伊斯利爾沒有說話,跟着她踏着樓梯,終於來到了坨坨城的宴會廳。
……
長方形的宴會大廳,對着樓梯的一側,是一個高臺,上面放着三把高背椅,空無一人。
高臺的下面,大廳的兩側,是一字排開的長桌,上面堆滿了無數美酒佳餚。一個個彪形大漢正在胡喫海塞着,也有人相互討論着什麼,或者拉着倒酒的仕女耍着酒瘋。
伊斯利爾沒有出聲,只是平靜的看着眼前的一切,然後放下提起的一點點長裙,將兩手相疊放在身前的裙子上,邁着輕快的腳步向前走去。
兩邊的人仍然大聲的說笑着,好像沒有看到她一般。
左側的那個大漢,已經把倒水的侍女拉到了懷裏,正用臉上的鬍子蹭着她躲閃的臉。
“下馬威嗎?好像我也會呢。”心裏一陣冷笑,伊斯利爾的腳尖一點地面,身形“唰”的一聲便飄了起來。
亂哄哄的宴會廳中,突然多了一朵盛開的紅玫瑰。
她帶着微笑,身體前傾,兩手慢慢的抬起,雙腿在空中一個互踢,騰空飛掠間旋轉着身體,直接衝向了那個大漢。
大漢沒有動身,只是將懷裏的女人一把推到了一邊,拿起身前桌上的酒,無視眼前飄飛而來的攻擊,大口的喝了一口酒。

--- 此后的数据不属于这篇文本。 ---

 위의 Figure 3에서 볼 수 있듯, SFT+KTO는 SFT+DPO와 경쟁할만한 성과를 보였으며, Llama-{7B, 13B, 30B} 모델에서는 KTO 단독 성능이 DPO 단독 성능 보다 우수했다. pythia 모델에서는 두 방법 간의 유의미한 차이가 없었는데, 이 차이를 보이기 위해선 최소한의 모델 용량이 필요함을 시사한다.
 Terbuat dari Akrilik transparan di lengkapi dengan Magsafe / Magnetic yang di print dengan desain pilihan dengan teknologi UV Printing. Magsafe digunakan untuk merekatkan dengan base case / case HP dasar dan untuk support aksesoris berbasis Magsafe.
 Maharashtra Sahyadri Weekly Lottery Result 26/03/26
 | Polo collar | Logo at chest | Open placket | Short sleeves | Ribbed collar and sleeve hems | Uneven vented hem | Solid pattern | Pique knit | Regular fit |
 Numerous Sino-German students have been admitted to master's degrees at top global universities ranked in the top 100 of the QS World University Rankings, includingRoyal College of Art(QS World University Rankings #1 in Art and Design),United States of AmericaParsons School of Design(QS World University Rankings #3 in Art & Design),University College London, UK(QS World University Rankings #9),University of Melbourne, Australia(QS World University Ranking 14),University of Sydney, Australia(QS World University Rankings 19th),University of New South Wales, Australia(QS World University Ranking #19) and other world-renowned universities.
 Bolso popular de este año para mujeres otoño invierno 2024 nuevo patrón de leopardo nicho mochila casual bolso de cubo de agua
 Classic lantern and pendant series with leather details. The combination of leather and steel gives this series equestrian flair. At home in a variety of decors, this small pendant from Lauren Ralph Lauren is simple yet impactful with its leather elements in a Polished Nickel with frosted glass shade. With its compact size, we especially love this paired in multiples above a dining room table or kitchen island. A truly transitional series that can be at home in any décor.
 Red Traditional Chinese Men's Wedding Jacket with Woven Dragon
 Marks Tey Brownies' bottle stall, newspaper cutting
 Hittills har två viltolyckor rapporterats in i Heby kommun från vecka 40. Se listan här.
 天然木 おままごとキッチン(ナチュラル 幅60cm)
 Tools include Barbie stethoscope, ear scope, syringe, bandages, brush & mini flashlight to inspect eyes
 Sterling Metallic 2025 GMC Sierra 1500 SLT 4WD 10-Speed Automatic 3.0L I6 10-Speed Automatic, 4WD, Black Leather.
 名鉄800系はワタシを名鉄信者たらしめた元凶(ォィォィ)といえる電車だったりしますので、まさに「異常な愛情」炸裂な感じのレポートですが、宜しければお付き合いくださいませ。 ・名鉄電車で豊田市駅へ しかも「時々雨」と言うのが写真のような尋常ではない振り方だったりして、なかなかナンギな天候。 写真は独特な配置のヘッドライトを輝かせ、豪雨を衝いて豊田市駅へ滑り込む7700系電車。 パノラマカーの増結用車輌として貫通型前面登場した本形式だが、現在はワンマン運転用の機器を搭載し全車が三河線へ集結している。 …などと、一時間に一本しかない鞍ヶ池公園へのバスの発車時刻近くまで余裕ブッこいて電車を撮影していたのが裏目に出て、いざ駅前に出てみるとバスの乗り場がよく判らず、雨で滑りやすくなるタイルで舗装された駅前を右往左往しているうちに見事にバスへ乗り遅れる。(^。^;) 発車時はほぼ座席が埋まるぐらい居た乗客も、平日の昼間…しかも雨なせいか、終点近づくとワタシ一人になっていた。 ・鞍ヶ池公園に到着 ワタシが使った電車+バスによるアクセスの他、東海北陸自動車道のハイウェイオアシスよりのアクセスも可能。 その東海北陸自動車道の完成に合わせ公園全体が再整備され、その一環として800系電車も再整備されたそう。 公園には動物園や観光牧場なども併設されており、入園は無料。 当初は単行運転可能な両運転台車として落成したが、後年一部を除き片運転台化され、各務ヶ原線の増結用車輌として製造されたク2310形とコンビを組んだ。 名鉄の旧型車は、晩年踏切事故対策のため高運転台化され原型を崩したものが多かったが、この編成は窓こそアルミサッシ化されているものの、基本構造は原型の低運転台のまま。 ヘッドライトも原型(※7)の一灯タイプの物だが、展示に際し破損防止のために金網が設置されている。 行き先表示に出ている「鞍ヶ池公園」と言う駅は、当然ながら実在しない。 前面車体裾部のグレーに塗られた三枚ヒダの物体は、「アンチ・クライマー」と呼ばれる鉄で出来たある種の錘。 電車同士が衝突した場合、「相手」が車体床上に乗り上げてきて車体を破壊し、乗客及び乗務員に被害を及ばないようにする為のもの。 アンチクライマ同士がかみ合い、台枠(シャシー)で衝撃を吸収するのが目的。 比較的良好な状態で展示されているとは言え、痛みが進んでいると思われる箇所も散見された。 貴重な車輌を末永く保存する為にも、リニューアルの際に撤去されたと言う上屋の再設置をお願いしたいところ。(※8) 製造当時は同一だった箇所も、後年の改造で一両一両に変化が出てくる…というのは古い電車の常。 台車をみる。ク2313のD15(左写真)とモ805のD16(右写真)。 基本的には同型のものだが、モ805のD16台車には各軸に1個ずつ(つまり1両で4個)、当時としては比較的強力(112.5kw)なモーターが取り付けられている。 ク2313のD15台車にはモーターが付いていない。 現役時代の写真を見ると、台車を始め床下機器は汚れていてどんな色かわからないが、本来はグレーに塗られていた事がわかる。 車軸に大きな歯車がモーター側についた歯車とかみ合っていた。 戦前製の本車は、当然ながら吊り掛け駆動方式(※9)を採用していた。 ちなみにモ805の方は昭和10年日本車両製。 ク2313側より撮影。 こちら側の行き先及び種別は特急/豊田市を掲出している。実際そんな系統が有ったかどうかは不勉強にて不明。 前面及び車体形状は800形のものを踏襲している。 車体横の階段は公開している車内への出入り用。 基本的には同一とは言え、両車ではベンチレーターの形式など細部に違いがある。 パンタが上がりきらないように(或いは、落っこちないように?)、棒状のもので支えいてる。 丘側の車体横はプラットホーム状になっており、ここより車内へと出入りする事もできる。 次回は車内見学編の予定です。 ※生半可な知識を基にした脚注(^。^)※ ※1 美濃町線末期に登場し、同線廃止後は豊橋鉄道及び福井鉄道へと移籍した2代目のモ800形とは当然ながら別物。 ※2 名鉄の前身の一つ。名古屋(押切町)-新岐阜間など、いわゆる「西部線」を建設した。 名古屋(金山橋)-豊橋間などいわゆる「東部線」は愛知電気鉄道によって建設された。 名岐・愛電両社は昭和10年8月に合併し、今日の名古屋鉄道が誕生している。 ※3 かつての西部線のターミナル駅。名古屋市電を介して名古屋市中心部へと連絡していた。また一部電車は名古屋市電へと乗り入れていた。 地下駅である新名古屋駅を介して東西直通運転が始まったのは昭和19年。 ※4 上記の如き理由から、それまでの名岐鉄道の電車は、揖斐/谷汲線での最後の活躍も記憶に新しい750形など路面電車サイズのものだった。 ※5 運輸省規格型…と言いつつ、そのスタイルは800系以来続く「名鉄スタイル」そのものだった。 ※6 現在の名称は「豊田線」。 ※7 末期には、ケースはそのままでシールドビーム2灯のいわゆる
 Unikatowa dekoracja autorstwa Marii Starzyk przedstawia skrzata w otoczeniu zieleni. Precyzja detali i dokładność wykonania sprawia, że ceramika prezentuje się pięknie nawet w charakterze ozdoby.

四周突然安靜了下來,無數的眼睛都看向那一抹美麗的火紅,眼裏盡是驚豔和調笑。
伊斯利爾的速度很快,轉眼到了大漢身前,她極力的壓制着自己的怒氣,將力量壓到最低,然後抬手便是一拳。
她用的是左手,她怕右手會出人命。
“咚……”
一聲悶響傳出,大漢帶着他的酒杯瞬間飛了出去,“哐啷”一聲撞到身後的牆上,然後順着牆墜下,“噗通”一聲栽倒在地,再也沒有爬起來。
宴會廳一片吸氣之聲,還有落了一地的眼球。
帶着點點微笑,伊斯利爾憑空一個滯空,然後以完全打破常識的輕身迴旋,輕飄飄的退到宴會廳中間,放下了雙手。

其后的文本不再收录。